Possible insider bets related to the war in Iran have spurred several new bills. Reps. Nikki Budzinski (D-Ill.) and Adrian Smith (R-Neb.) introduced bipartisan legislation last week to ban members of Congress and executive branch officials from participating in prediction markets related to policy decisions and political events.
That bill has attracted support from a handful of House Democratic and GOP lawmakers, and a bipartisan group introduced similar legislation in the Senate. The Coalition for Prediction Markets, which has Kalshi as a member, endorsed the legislation soon after introduction.

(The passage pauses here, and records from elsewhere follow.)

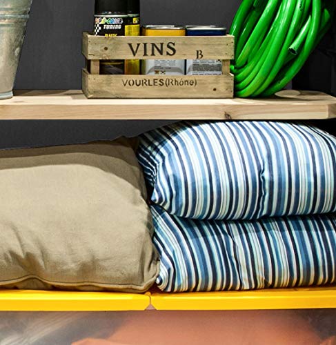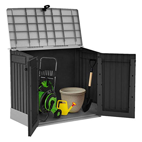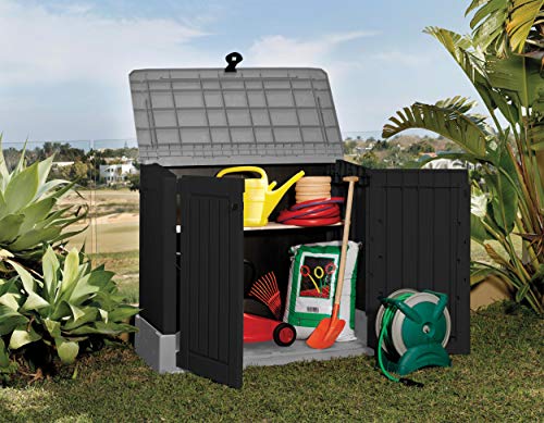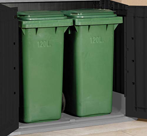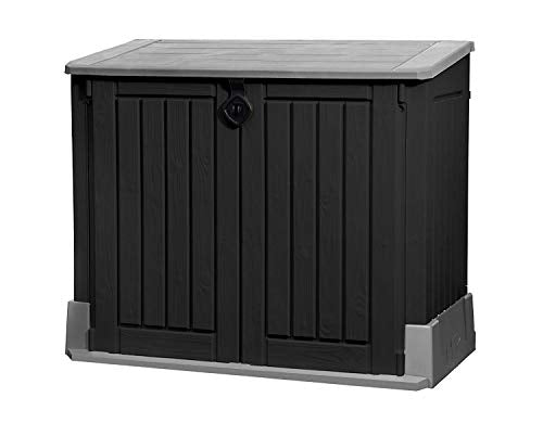Details: Store it Out MIDI The practical storage bin in wood look - great for storing a variety of garden accessories About Keter With its products, the Keter Group has been one of the leading manufacturers of plastic products for over 60 years. The core range of Keter products includes garden furniture, children's items and storage systems for household, garden and do-it-yourselfers. The Shed With a total capacity of about 0.85 m³, two waste cans with up to 120L can be stored easily. With 2 large doors and the hinged lid with integrated gas springs (there is no way that the lids can drop down), your items can be easily stowed away. The inner side walls are designed so that a wooden board (not included) can be installed as a shelf. This give you the opportunity to store small things. For extra security, the Store it Out MIDI can be locked (padlock not included). Dimensions (LxWxH): 132 x 74 x exterior about 110 cm | interior approximately121 x 64 x 104 cm The material The Store it Out MIDI is made of UV and weather-resistant, high-quality plastic (100% polypropylene) manufactured in an injection moulding process. Sun, rain and even snow cannot damage the plastic and so the Shed can be kept outdoors all year. Snow load: up to 75 kg Why you should choose a product made of plastic? We give you five reasons: Colourfast - The colours of plastic are colourfast; even after years of outdoor use, the plastic retains its beautiful colours. | Durable - The plastic items are intended for long-term and heavy use. With minimal care, you have years of enjoyment. | Weatherproof - Articles made of plastic have no problem with the blazing sun and rain. | Clean in a jiffy - Virtually maintenance free: It is enough to clean the items now and then with a mild all-purpose cleaner and a brush or just rinse them off with the garden hose every now and then. | Recycling - The plastic items are fully recyclable. Your item can take on a function at any time. This makes its impact on the environment minimal. Specifications Colour: black/grey Wood look incl. base plate Basic dimensions of the base plate: 130 x 74cm | 1.0 m
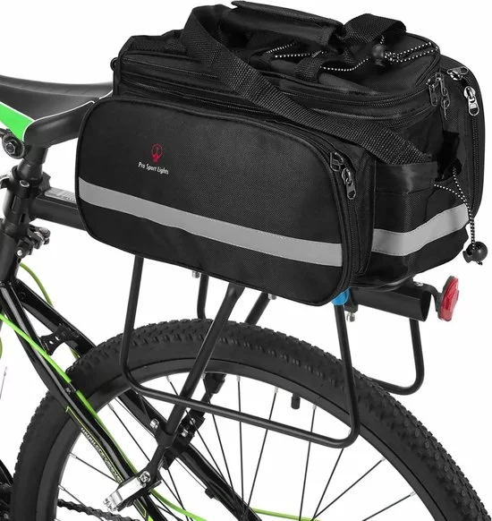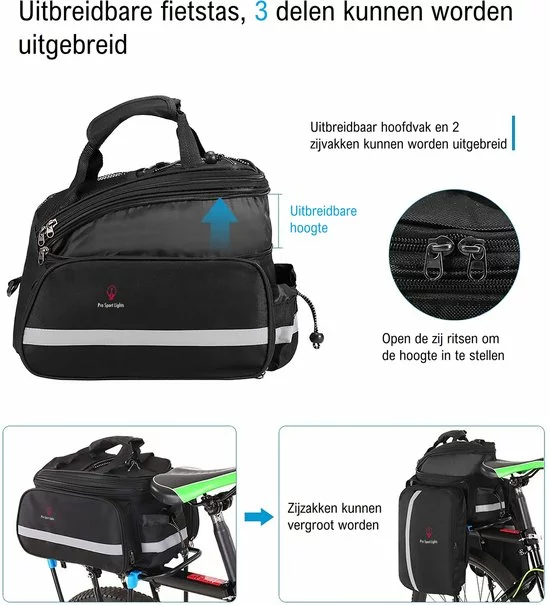 - ? Uitbreiding aan de zijtas: de XXL Pro Sport Lights fietstas ondersteunt geavanceerde functies aan beide zijden om aan meer capaciteit te voldoen. Indien niet nodig sluit dan de ritssluiting. Aan de bovenkant van de fietstas bevindt zich een netvak met een krimpriem, die extra fietsaccesoires kan meedoen!
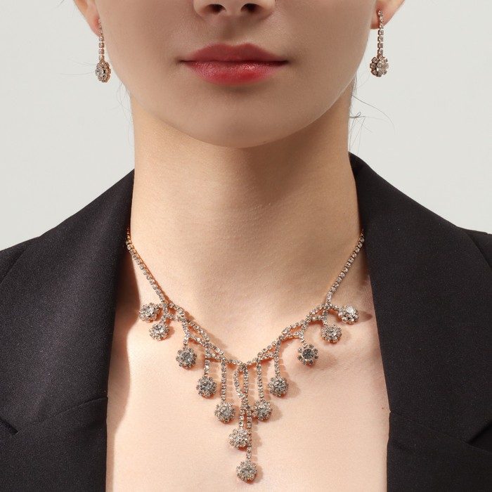 Набор 2 предмета: серьги, колье «Элит» водопад, цвет белый в золоте, 30 см
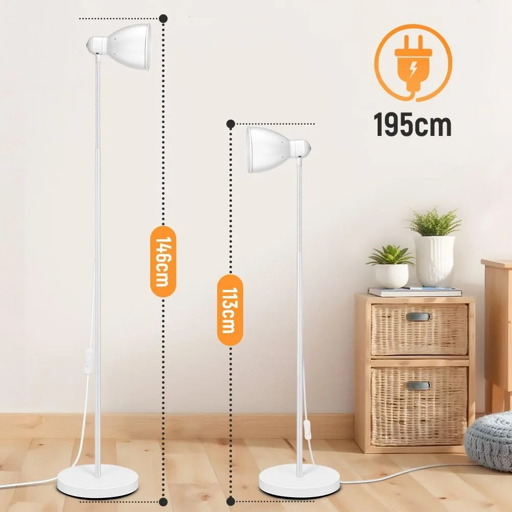 OUSFOT Lampara de Pie, 146cm Sencillo Blanco Lampara de Pie Salon Ajustable 220V E27 (Bombilla no Incluida) Ideal para Dormitorio,Sala de Estar y Oficina
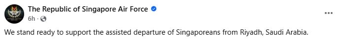 In a Facebook post, RSAF said it stood ready to support the assisted departure of Singaporeans.
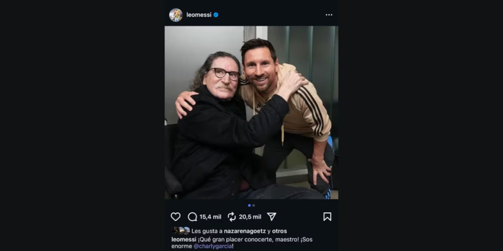 Tras la victoria de la Selección Argentina, Lionel Messi protagonizó un encuentro inesperado con Charly García, leyenda indiscutida del rock nacional. El cruce entre dos íconos de la cultura argentina quedó inmortalizado en una foto que rápidamente comenzó a circular, despertando la emoción de los fanáticos tanto del fútbol como de la música.

But there are even broader efforts afoot. Rep. Alexandria Ocasio-Cortez (D-N.Y.) has called for stricter regulations on prediction markets, comparing them to the tobacco industry. And Sen. Chris Murphy (D-Conn.) and Rep. Greg Casar (D-Texas) are aiming to entirely ban a wide range of prediction market trading, including anything predicated on government actions or any event “where an individual knows or controls the outcome.”
The CFTC has already promised to go after insider trading on the prediction markets, and both Kalshi and Polymarket recently unveiled new measures designed to head off the improper use of inside information on their platforms.
Kalshi also recently rolled out ads across Washington highlighting that it blocks insider trading on its platform and bans trading directly related to war and deaths. Polymarket has also expanded its presence in Washington — most notably with a pop-up bar on K Street.
“Prediction markets are an emerging technology, yes, but they’re not all the same, and we want to highlight those big distinctions,” Kalshi spokesperson Elisabeth Diana said. A Polymarket spokesperson declined to comment.
If Congress does take action on the issue, it will end up with the Agriculture panels, currently led by Boozman in the Senate and Rep. G.T. Thompson (R-Pa.) in the House. Thompson promised “bipartisan hearings and member meetings” on prediction markets in a recent interview.
“It definitely is a focus,” he said. “I don’t know what the conclusion will be.”
But Republicans could be put in a tough spot as prediction market legislation gains momentum. The Trump family has had close ties to prediction markets: Donald Trump Jr. is an adviser to Kalshi and Polymarket, and Trump’s social media company announced last year plans to create Truth-Predict, a new prediction market service.
Some Democrats are skeptical Republicans will actually move to address the issue given the Trump family’s ties and their overall friendliness to the firms.
“I don’t think the Republican-led House or Senate will seriously take this on,” Sen. Jeff Merkley of Oregon said.
Jordain Carney contributed to this report.